W zeszłym roku dla porównania byliśmy w Sarbinowie. Takie nie za duże, nie za małe miasteczko z przepiękną promenadą. Wtedy specjalnie szukałam miejsca gdzie będziemy mogli spacerować bezpośrednio przy morzu z wózkiem i małymi bliźniaczkami 🙂
Jak wybrać nocleg?
Jeśli już macie wybraną miejscowość to łatwiej szuka się miejsca do zakwaterowania. I tu pojawiają się pytania co potrzebujecie. Ja lubię apartamenty, czyli takie mieszkanka z łazienką i kuchnią lub domki. Minęły już czasy, kiedy jeździłam na pokoje. Z dziećmi zdecydowanie potrzeba więcej miejsca oraz chociaż mały aneks kuchenny. Drugą sprawą jest jakiś plac zabaw, teraz zamknięty, żeby dało się poskromić naszą trójkę 😉 Zwracam też uwagę czy na miejscu jest dostępne łóżeczko turystyczne i krzesełko do karmienia, bo to istotne dla mnie rzeczy. Ale dla każdego może się przydać co innego.
Posiłki?
Zaczynając od podróży, na drogę nie biorę dużo jedzenia. Na początek zrobiłam koktajl, taki treściwy, zalewając wcześniej płatki orkiszowe mlekiem, potem banan, truskawki, garść szpinaku, olej lub inne dodatki, zależy, co mam po ręką. Do tego były tosty, chrupki, zdrowe ciasteczka, woda, banan, tubki owocowe.

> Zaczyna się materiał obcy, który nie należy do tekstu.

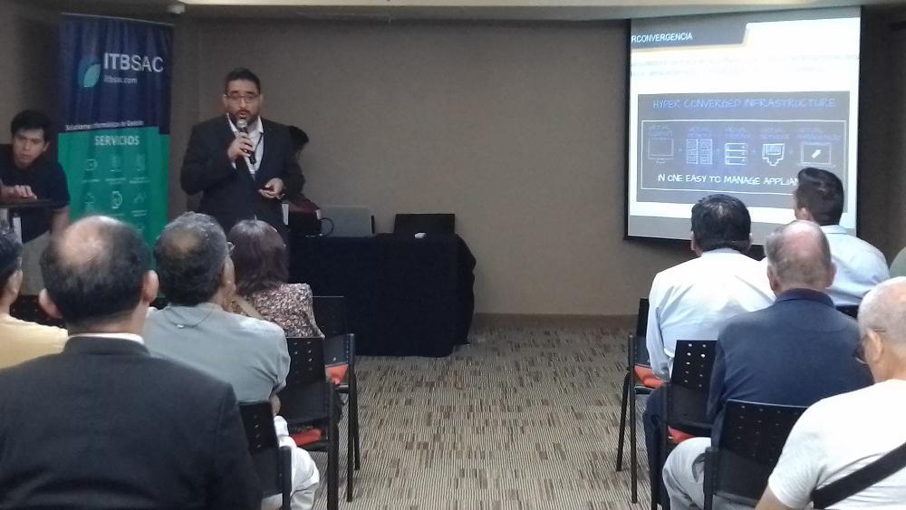 Luego tomó la palabra Carlos Iglesias, Account Manager de IT Business & Support SAC, quien destacó el empleo de las plataformas hiperconvergentes en el desarrollo de la industria señalando que esta es una arquitectura centrada en el software que integra perfectamente recursos informáticos, almacenamiento y virtualización en un único sistema, o como software que se puede instalar en hardware existente.

Na miejscu mam zasadę, że nie gotuję obiadów i nie zabieram ze sobą. Widziałam osoby, które zabierają dla dzieci zupy, drugie danie itd. My chodzimy do restauracji czy barów, dziewczynki czasem dostały słoiczek, ale ogólnie jadły z nami to co my. Staraliśmy się wybierać domowe obiady. Wiadomo, że nie będą one bez soli i tak zdrowe jak te w domu, ale to jest tylko tydzień wakacji. Możemy sobie czasem pozwolić, zwłaszcza, że nie mamy już niemowlaków 😉
Śniadania robiliśmy zawsze w domu, jajecznica, kanapki, jajko na twardo, awokado, kiełbaska na ciepło itd. Do tego warzywa. Na drugie śniadanie często była tubka owocowa i/lub jogurt naturalny z bananem, malinami, borówkami.

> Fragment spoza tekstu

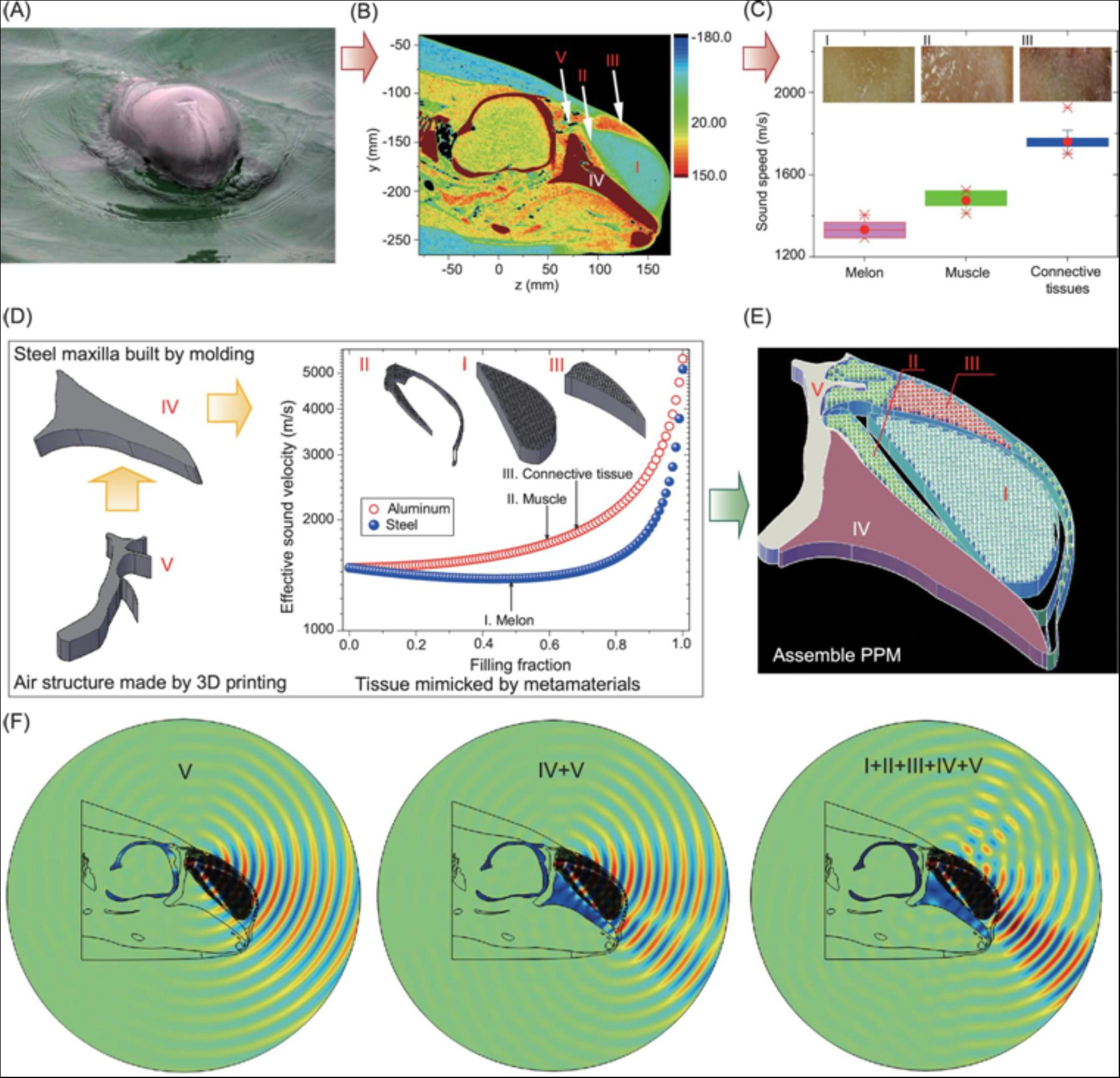 张宇教授和他的博士研究生董尔谦、美国麻省理工学院(MIT)方绚莱教授等近期在这方面取得突破性进展,提出用人工复合超材料来重构江豚声学结构。该人工结构通过气囊、头骨和变声速额隆等多相复杂介质来调控声波束(其中涉及气囊的声散射与反射、头骨-软组织的声固耦合与模式转化、声梯度组织材料的相位控制等),可以利用声波作用,在目标上产生镜像回波与弹性回波,从而实现了与江豚声呐极其相似的指向性瞬态声发射和目标探测功能。

Kolacja również była w domu i najczęściej była to jakaś szybka kaszka w bidonie, raz wjechały na stół placuszki 🙂
Pojawia się dużo pytań o jazdę samochodem i bywa to różnie. W stronę nad morze poszło bardzo sprawnie, jechaliśmy 4 godziny 40 minut, z jednym małym postojem. W drodze powrotnej zeszło nam dłużej, trafiliśmy na korki. Dzieci wszystkie bardzo marudziły, nie obyło się bez płaczu. Jak sobie z tym radzić? Czasem jest ciężko, podawałam jedzenie, próbowałam zabawiać na wszelkie sposoby, książeczki, zabawki grające. A czasem odpuszczałam, bo nic nie działało. Zrobiliśmy jedną dłuższą przerwę, żeby się wybiegały trochę, ale później znów był płacz. Nie ma reguły kiedy podróż będzie łagodna, ale na pewno po skończonym roczku dziewczynek jest dużo lepiej.